Barack Obama is one of the most powerful presidents this nation has seen in generations. He is powerful because he is supported by large majorities in Congress, but, more importantly, because he does not feel constrained by the rule of law. Whether he is putting up the weakest possible defense of the Defense of Marriage Act despite the Justice Department's legal obligation to support existing law; disenfranchising Chrysler and GM bondholders in order to transfer billions of investor dollars to his supporters in the United Auto Workers; or implementing yet a third offshore oil-drilling moratorium even after two federal courts have thrown out two previous moratoriums, President Obama is determined to see things done his way regardless of obstacles. To Mr. Obama, the rule of law is a mere inconvenience to be ignored, overcome or "transcended" through international agreements or "norms."
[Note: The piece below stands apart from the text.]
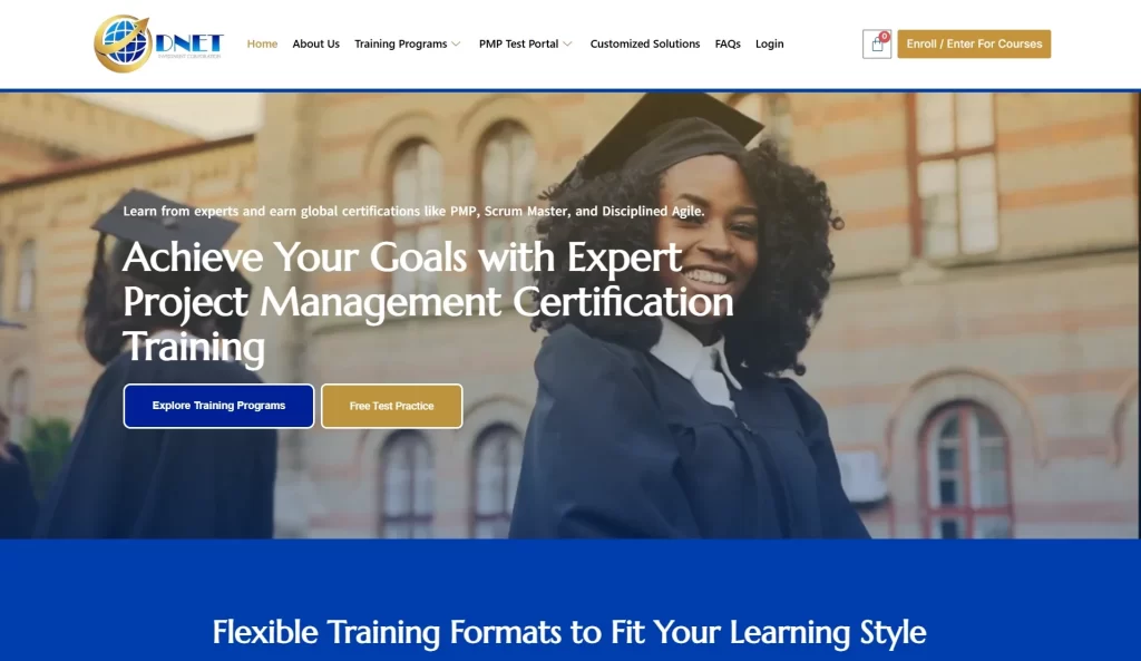 DNET Investment Corporation aimed to provide high-quality project management and Agile training for professionals worldwide. The challenge was to deliver flexible learning options, including online live classes, corporate sessions, and in-person training, while maintaining engagement, practical understanding, and exam readiness for certifications like PMP®, CAPM®, Agile, Scrum, and Disciplined Agile.

Mr. Obama's paramount goal, as he so memorably put it during his campaign in 2008, is to "fundamentally transform America." He has not proposed improving America - he is intent on changing its most essential character. The words he has chosen to describe his goals are neither the words nor the motivation of just any liberal Democratic politician. This is the utopian, or rather dystopian, reverie of a dedicated Marxist - a dedicated Marxist who lives in the White House.

Because of the power he wields over budgets, the judiciary, national defense and even health care, his regime and his program are not just about changing public policy in the conventional sense. When one considers the combination of his stop-at-nothing attitude, his contempt for limited government, his appointment of judges who want to create law rather than interpret it - all of these make this president today's single greatest threat to the great experiment in freedom that is our republic.